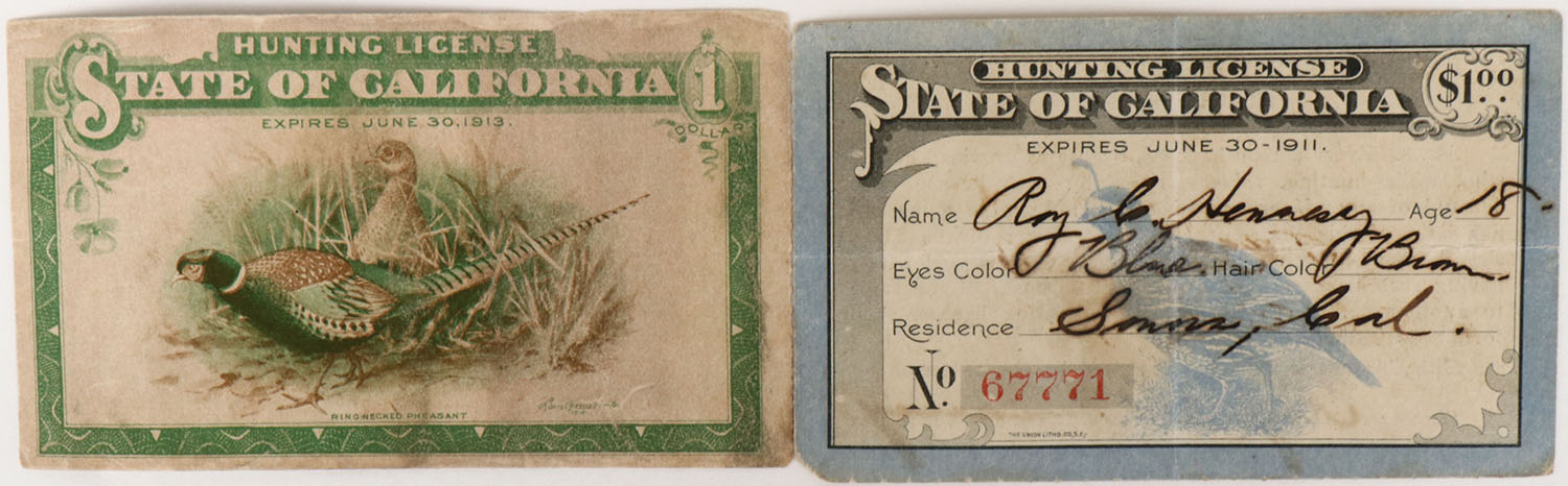 Lot of 2 RARE and EARLY California Hunting License, 1911/1913. Grade: Excellent - Value: 20 to 80
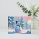 Carte Postale Snowman de Noël dans la forêt d'hiver
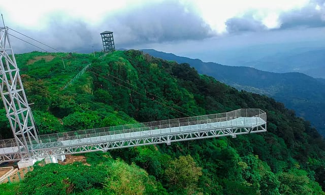 ரூ.3 கோடி மதிப்பில் கடல் மட்டத்தில் இருந்து 3600 அடி உயரத்தில் 120 அடி நீளத்தில் கட்டப்பட்டுள்ள இந்த பாலம் ஜெர்மனியில் இருந்து இறக்குமதி செய்யப்பட்ட கண்ணாடியால் உருவாக்கப்பட்டுள்ளது. 35 டன் இரும்பு பயன்படுத்தி கட்டப்பட்ட இந்த பாலத்தில் ஒரே நேரத்தில் 15 பேர் ஏறி நின்று சுற்றுவட்டார பகுதியான முண்டகயம், கூட்டிக்கல், கொக்கையாறு பகுதிகளை கண்டு ரசிக்கலாம். மேலும் இந்த சாகச பூங்காவில் ஸ்கைசுவிங், ஸ்கை சைக்கிளிங், ஸ்கைரோலர், ராக்கெட் எஜெக்டர், பீரிபால், ராட்சத ஸ்விங், ஜிப்லைன் உள்ளிட்டவை சுற்றுலா பயணிகளை கவரும் வண்ணம் ஏற்பாடு செய்துள்ளனர்.

-.-.-

• [Exercise goal] Instruction for this listing: copy it exactly, but leave the images behind.

• [Response to the exercise]
 Lot of 2 RARE and EARLY California Hunting License, 1911/1913. Grade: Excellent - Value: 20 to 80
 Carte Postale Snowman de Noël dans la forêt d'hiver
 ரூ.3 கோடி மதிப்பில் கடல் மட்டத்தில் இருந்து 3600 அடி உயரத்தில் 120 அடி நீளத்தில் கட்டப்பட்டுள்ள இந்த பாலம் ஜெர்மனியில் இருந்து இறக்குமதி செய்யப்பட்ட கண்ணாடியால் உருவாக்கப்பட்டுள்ளது. 35 டன் இரும்பு பயன்படுத்தி கட்டப்பட்ட இந்த பாலத்தில் ஒரே நேரத்தில் 15 பேர் ஏறி நின்று சுற்றுவட்டார பகுதியான முண்டகயம், கூட்டிக்கல், கொக்கையாறு பகுதிகளை கண்டு ரசிக்கலாம். மேலும் இந்த சாகச பூங்காவில் ஸ்கைசுவிங், ஸ்கை சைக்கிளிங், ஸ்கைரோலர், ராக்கெட் எஜெக்டர், பீரிபால், ராட்சத ஸ்விங், ஜிப்லைன் உள்ளிட்டவை சுற்றுலா பயணிகளை கவரும் வண்ணம் ஏற்பாடு செய்துள்ளனர்.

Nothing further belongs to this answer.